-
Notifications
You must be signed in to change notification settings - Fork 145
Description
Describe the bug
When reading and slicing a subset of a large DataFrame:
- The entire DataFrame appears to be loaded into memory.
- A slice is taken and returned, likely as a view retaining a reference to the original.
- If this operation is repeated in a loop and each slice is stored (e.g., in a list), the original large DataFrames are never deallocated.
This causes cumulative memory usage to increase continuously, eventually leading to an out-of-memory crash.
Steps/Code to Reproduce
1. Create demo data
import pandas as pd
import numpy as np
from datetime import datetime
def generate_random_dataframe(n_rows=25, n_cols=10, start_date="2000-01-01", freq="D"):
"""
Generate a random DataFrame with a datetime index.
Args:
n_rows (int): Number of rows in the DataFrame.
n_cols (int): Number of columns in the DataFrame.
start_date (str): Start date for the datetime index.
freq (str): Frequency for the datetime index (e.g., 'D' for daily, 'H' for hourly).
Returns:
pd.DataFrame: A random DataFrame with datetime as the index.
"""
# Generate column names
cols = [f"COL_{i}" for i in range(n_cols)]
# Generate random data
data = np.random.randint(0, 100, size=(n_rows, n_cols))
# Create a datetime index
index = pd.date_range(start=start_date, periods=n_rows, freq=freq)
# Create the DataFrame
df = pd.DataFrame(data, columns=cols, index=index)
return df
Write a 20 years times 10 000 columns DataFrame with random data to Arctic:
df = generate_random_dataframe(
n_rows=255 * 20, n_cols=10_000, start_date="1990-01-01", freq="D"
)
df.head()
import arcticdb as adb
uri = "lmdb://tmp/arcticdb_leak"
ac = adb.Arctic(uri)
library = ac.get_library("demo_lib", create_if_missing=True)
library.write("test_frame", df)
2. Read Data
Helper function to get memory usage of a list of DataFrames:
def get_total_dataframe_size_gb(df_list):
"""
Calculate total memory usage of a list of DataFrames in gigabytes.
Parameters:
df_list (list of pd.DataFrame): List of DataFrames.
Returns:
float: Total size in GB.
"""
total_bytes = sum(df.memory_usage(deep=True).sum() for df in df_list)

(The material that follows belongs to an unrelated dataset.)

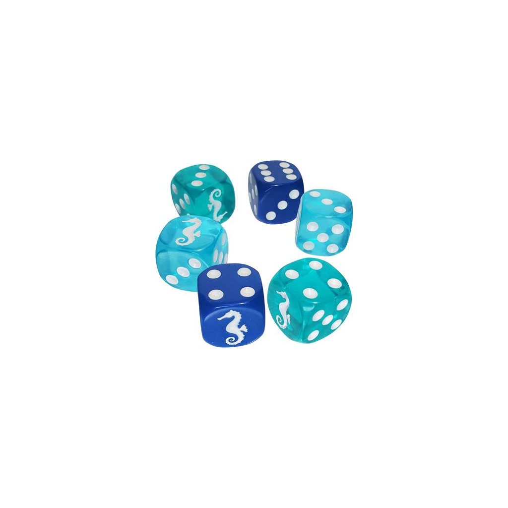 - Six 16mm six-sided dice in cool ocean shades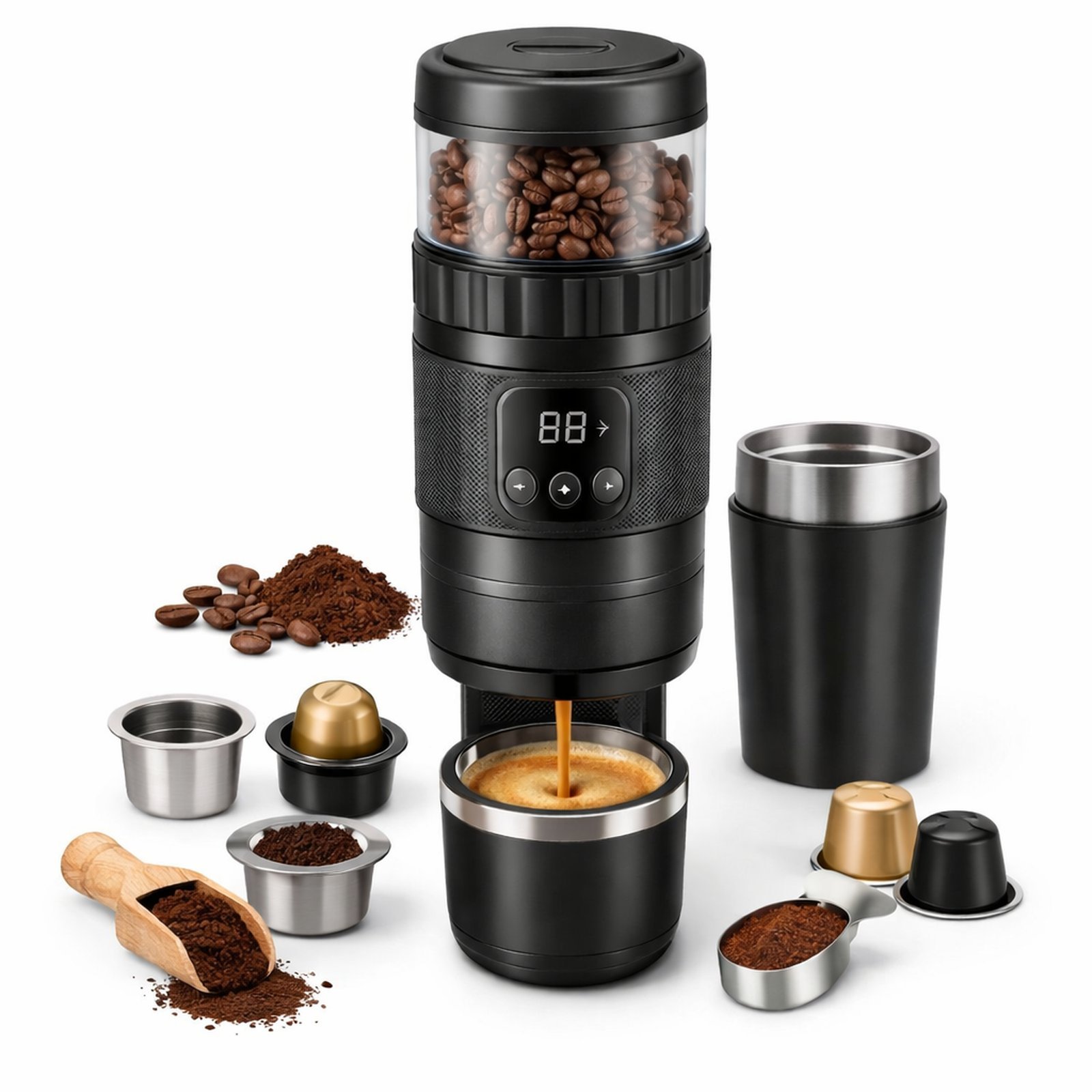 Enjoy barista-style coffee anywhere with this 3-in-1 portable electric coffee grinder and espresso maker. Designed for travel, home, and office use, this compact machine allows you to grind fresh coffee beans, brew espresso, or use coffee capsules in one convenient device. The USB rechargeable design makes it cordless and easy to carry, while the powerful brewing system delivers rich flavor and smooth crema every time. Perfect for coffee lovers who want fresh coffee on the go without bulky equipment.

return total_bytes / (1024**3)
Read the full dataframe for reference:
from_storage_df = library.read("test_frame").data
print(f"Shape of data: {from_storage_df.shape}")
print(f"Size of data: {get_total_dataframe_size_gb([from_storage_df]):.2f} GB")
Read only a slice:
n_rows_to_read = 3
from_date = from_storage_df.index[1]
to_date = from_storage_df.index[n_rows_to_read]
small_df = library.read(
"test_frame",
date_range=(from_date, to_date),
).data
print(f"Shape of fetched subset of data: {small_df.shape}")
print(
f"Size of fetched subset of data: {get_total_dataframe_size_gb([small_df]):.4f} GB"
)
Now read the small slice in a loop and save results in a list:
retrieved_data = []
n_times_to_fetch = 100
for i in range(n_times_to_fetch):
small_df = library.read(
"test_frame",
date_range=(
from_date,
to_date,
),
).data
retrieved_data.append(small_df)
if i % 10 == 0:
print(f"Fetched small subset {i} times")
print(
f" Total size of retrieved data so far: {get_total_dataframe_size_gb(retrieved_data):.2f} GB"
)
print()
print(
f"Total size of retrieved data: {get_total_dataframe_size_gb(retrieved_data):.2f} GB"
)
Expected Results
Memory usage should in total increase by ca 0.0002 GB * 300 = 0.06 GB -- instead, it increases by several hundred MB per iteration (until out of memory).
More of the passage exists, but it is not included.